"These are not our faces, this is not what we look like.
Do you think [these writers look] like this? Not so,
They're wearing play faces to fool you. But the play faces
come off when the writing begins. Frozen in black and silver
for you now, these are simply masks. We who lie for a living
are wearing our liar faces, false faces, made to deceive the unwary."
–NEIL GAIMAN
INNER CITY STORIES
I’m tired of faking a smile, faking a laugh, pretending to be okay when I’m not.
I drank so I wouldn’t feel the pain, but it only made me remember all the terrible things.
I cut because the physical pain eased the emotional pain, but the only thing that did was leave scars.
Every time I see them I have to hold back the tears from all the memories that come back.
I smoked to feel okay, it worked for a while but the high feeling left and my memories came back.
I’m tired, I’m broken, I’m damaged, I’m ready to give up, I’m done.
I want to be able to swallow a handful of pills, to be able to slit my wrist, to be able to jump without thinking of the pain I would cause my family.
I just want to be with my grandfather.
Everyone tells me have faith in god, but if god is real, why hasn't he answered my prayers?

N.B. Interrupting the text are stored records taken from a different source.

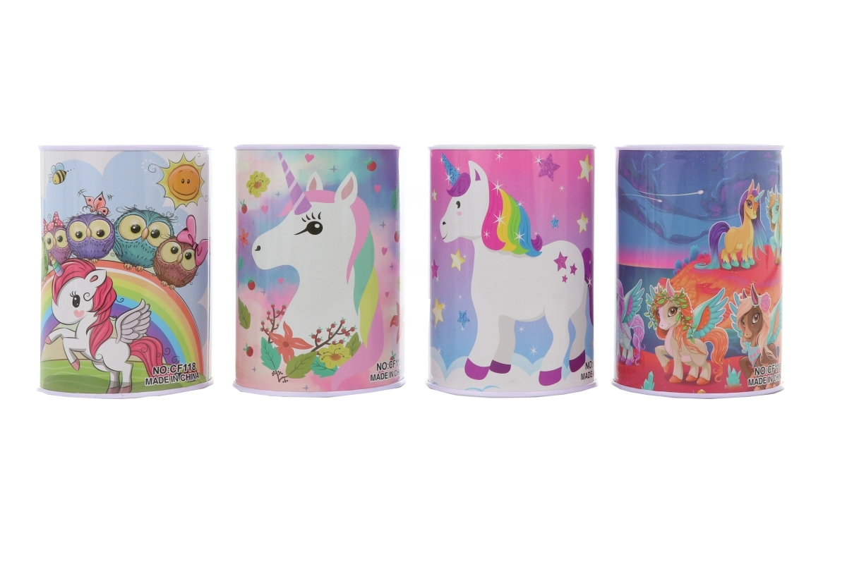 Cette tirelire en tôle avec un motif de licornes féerique est parfaite pour développer de bonnes habitudes financières chez les enfants. La conception métallique robuste résiste à une utilisation quotidienne et, grâce à ses dimensions compactes, elle trouve sa place sur une étagère ou un bureau.
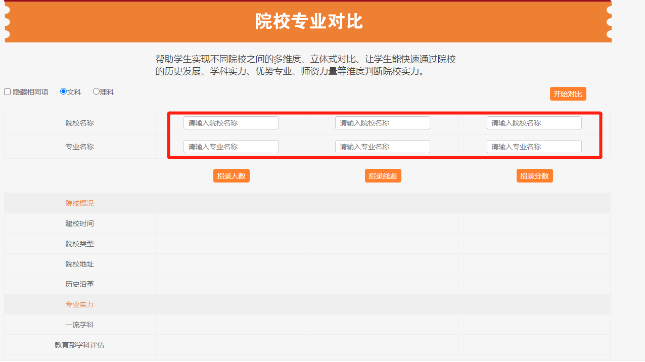 2.输入要对比的院校名称及专业名称。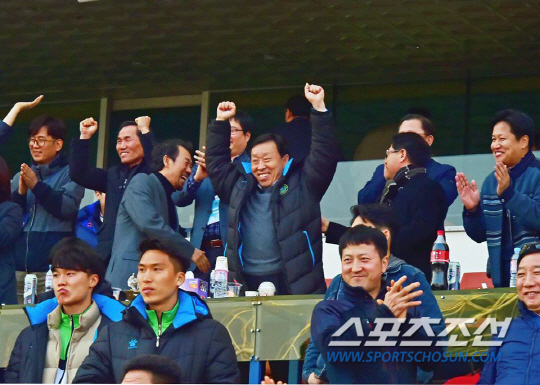 지난 19일 올시즌 두번째 홈경기, 시장님은 어김없이 현장을 지켰다. 후반 26분, 루카의 결승골이 터지는 순간 서포터들과 하이파이브를 나누며 뜨겁게 환호했다. '구단주' 시장님의 진심이 통했을까. '초록늑대' 안산은 안양과의 '4호선 더비'에서 또 한번 승리했다. 상록수 처럼 늘 푸르른 희망을 꿈꾸는 안산. 그 속에 빚어진 유쾌한 홈 2연승이었다.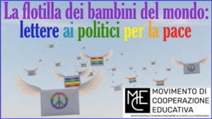 Mai come oggi, l’infanzia è minacciata da guerre che minano il suo diritto a vivere e crescere in pace. Serve una decisa e diffusa Educazione alla pace. Il Gruppo Educazione alla pace e alla nonviolenza del MCE lancia: la Flotilla dei bambini del mondo: lettere ai politici per la pace, insieme ad oltre 40 associazioni di insegnanti di tutto (Federazione Internazionale dei Movimenti di Scuola Moderna -Fimem). Si invitano bambini e ragazzi a preparare una loro Flotilla di lettere da inviare ai politici e ai potenti della terra; consiglieri comunali e regionali, parlamentari di Camera e Senato, Presidente della Repubblica e del Consiglio dei Ministri, Parlamentari europei, l’Assemblea generale dell’ONU, e diversi Capi di Stato e così via. Cosa fanno loro per la Pace?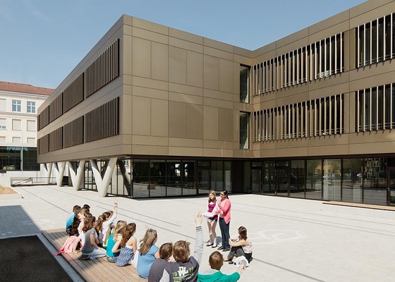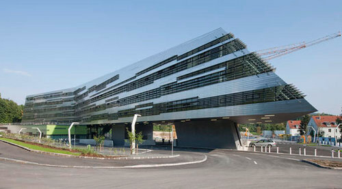 Diese Qualität wurde hauptsächlich dadurch erreicht, dass die Architekten ein Atrium im ersten Stock in den Mittelpunkt des Entwurfs setzten. Das Atrium ist seitlich offen, über einen Steg auch aus dem Park direkt erreichbar und setzt sich in eine Loggia über dem Eingang fort. Diese ist auf drei Seiten offen und vom Körper des dritten Geschoßes überdacht. Die Erfahrung der Logik der inneren Raum- und Funktionsorganisation macht die äußere Erscheinung verständlich.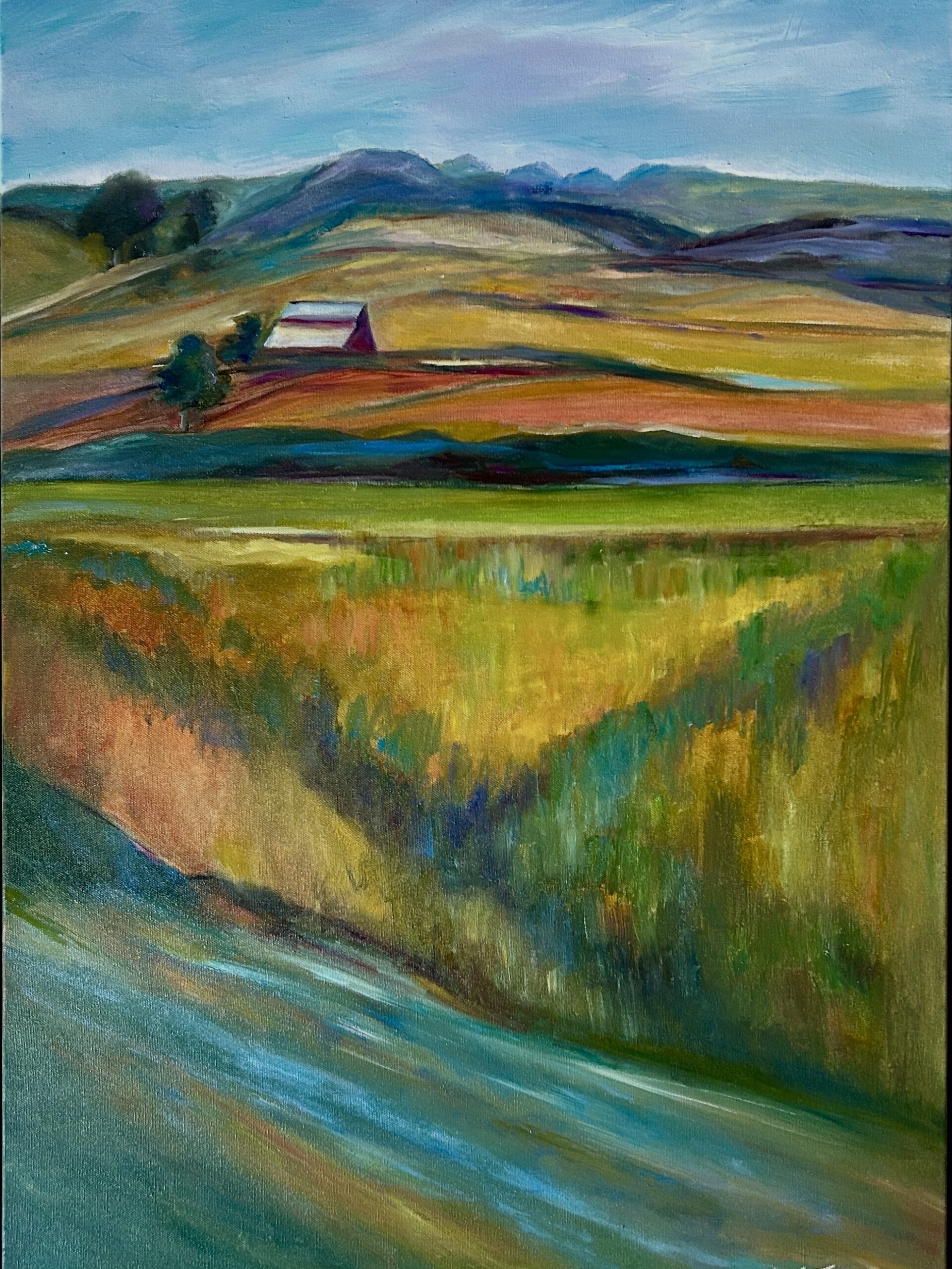 Los Osos Valley Road- 36×24 Oil framed in a natural wood floater-This recent painting is a part of my “Coastal Color series” designed with simplified semi abstract shapes of color creating light reflecting the mood of the area.

Why hasn't he taken this pain away?
I’m still here feeling worthless.
They say he does things for a reason so I ask, what is the reason that he put this horrible feeling on me?
This horrible feeling that I wouldn't wish upon my worst enemy.
When will it get better for me?
I’ve felt like this since I was 4 years old, I’m 15 now and the only thing I wished for my birthday was the courage to put myself out of my misery, with my family and friends’ forgiveness.
I’m tired of crying myself to sleep at night.
Wondering when I am not going to have this pain anymore.
I don't know how I feel anymore.
I guess you can say I am numb.
I’m just tired of it, I want it all to end.
The crying, the heartache, the frustration, the pain, the blood, just everything.
I’ve never felt so passionate about something as I do this.
I see the best in everyone, but when it comes to me, I can't forgive myself even if I tried.
I feel like I’m going insane.
I don’t have the strength I once did.
I’m an outcast, I don't belong here.
“My mind was messed up, you couldn't save me anyways,” is a line from my favorite song.
But as I drag on through life, as I try to find the strength to continue my life
I try to pick myself up. To be better than ever. To be the best I can be.
I don't want to be a lost cause anymore. I want to succeed.
But for me to succeed, I feel like I need to be free.
But how can I be free, if i have this disease.
A disease that doesn't let me be happy, something I can't make go away.
But I will try, try my best to survive.
And I hope one day, I will smile and it won't be fake.